Bolt that to the discharge of pass side 85/6 header pipe. Then, take a piece of std SAE exhaust tube at the exhaust shop, I forget size, 1 3/4? or 2? and MIG weld it to the inch of pipe you left on the downstream side of that flange you just bolted up.
The SAE tube we used nicely covered the 1 inch of pipe left at the flange, creating an extension. Actually used a carbon steel pipe, but its so hot there that we knew it would last for years anyway.
Then, you build from there. I mounted 87 cats. Whacked the flange from the 87 cat inlet, pass side, left an inch, bolted that whacked off flange to the 85/6 header pipe. Then, in-situ, slipped the SAE extension into the now-flangeless inlet to the pass side of 87 cat. And of course MIG welded the extension to the flange, which it nicely fit over. Voila. Pretty much.
The 87 cat had to be bolted up to the drivers side. Process wise, that was actually done first. Had to heat the drivers side pipe near the cat cherry red and bend / center the whole cat in the tunnel. Then a similar heat/bend process done to the (now flangeless) cat pass inlet to get it lined up by eyeball where the pass side is going to need to be. Simple and quick, if your exhaust guy is a doer and not a diva. This centering operation determines the length of the pass side extension.
Maybe I can get a picture sometime saturday under the avatar Euro car (Jadz old car) to show it.
You may decide on another downstream exhaust system.

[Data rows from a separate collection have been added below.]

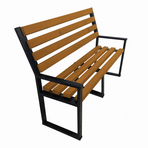 Основа скамейки - прочный металлический профиль толщиной 1,8-2 мм. Размер профиля 50х25 мм. Металл покрыт черной молотковой краской в 2-3 слоя.
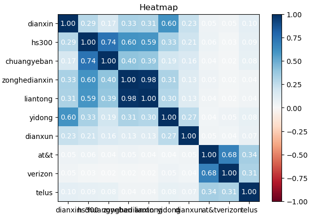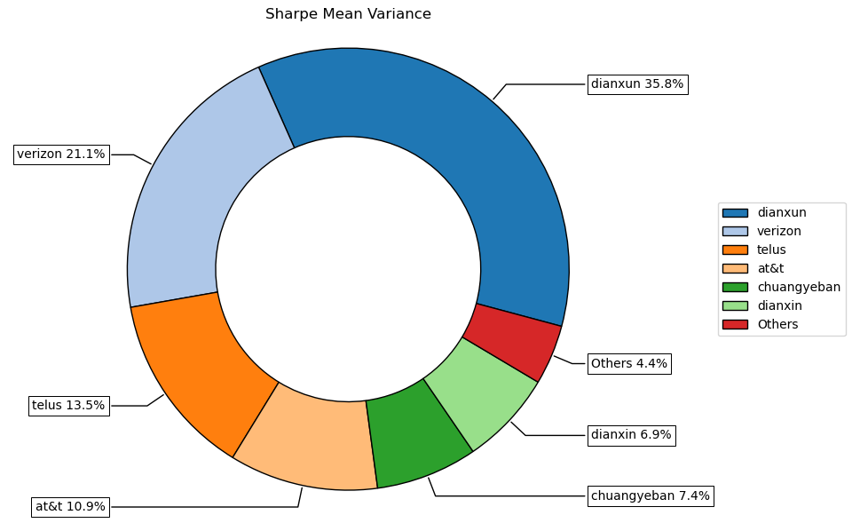 按最高夏普比率配置的话,系统给的权重为6.9%,最大权重给了港股的电讯盈科占比35.8%。(注:占比越高越好)
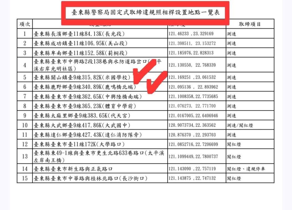為維護道路交通安全並降低交通事故發生率,臺東縣警察局關山分局表示,轄內臺9線340.89公里處(鹿野鄉鹿鳴橋北端)新設置之固定式測速照相設備,已於本(3)月正式啟用執法,提醒行經該路段之駕駛人務必依規定60公里/小時速限行駛,以維護行車安全並避免違規受罰。
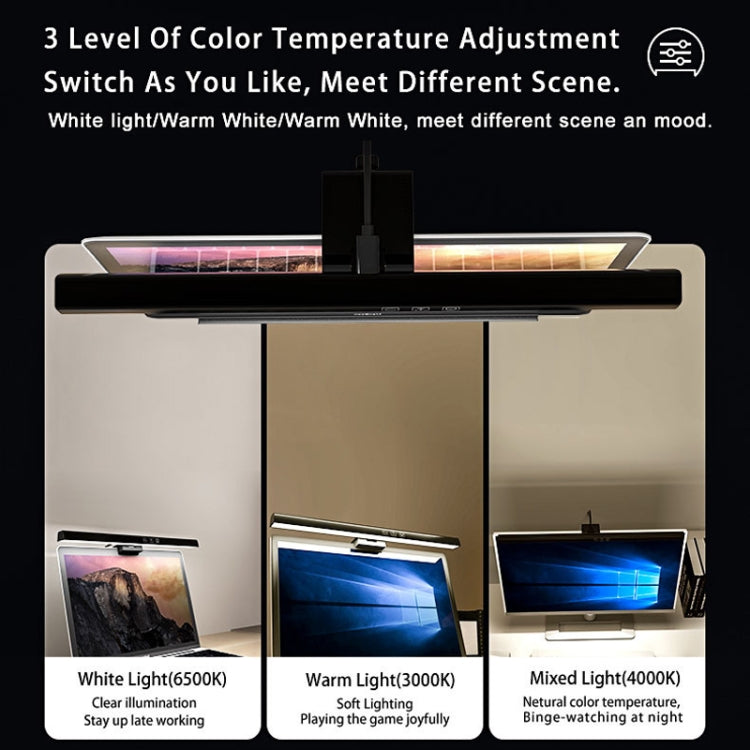 TB-30SA 33cm Timing Dimming Display Asymmetric Working Eye Care LED Desk Lamp Laptop Screen Hanging Light(White)

Even if you use the flange from the Utah Motorsports group, you will probably have some custom work to mount your downstream stuff.
Only bad thing about the 85/6 header pipes is the drivers side nearly completely blocks access to the upper A-arm mounting bolts inside the fender. I did some front suspension work this winter with the pipes installed and my final torque on that was questionable.
Last edited by Landseer; 09-14-2013 at 05:57 AM.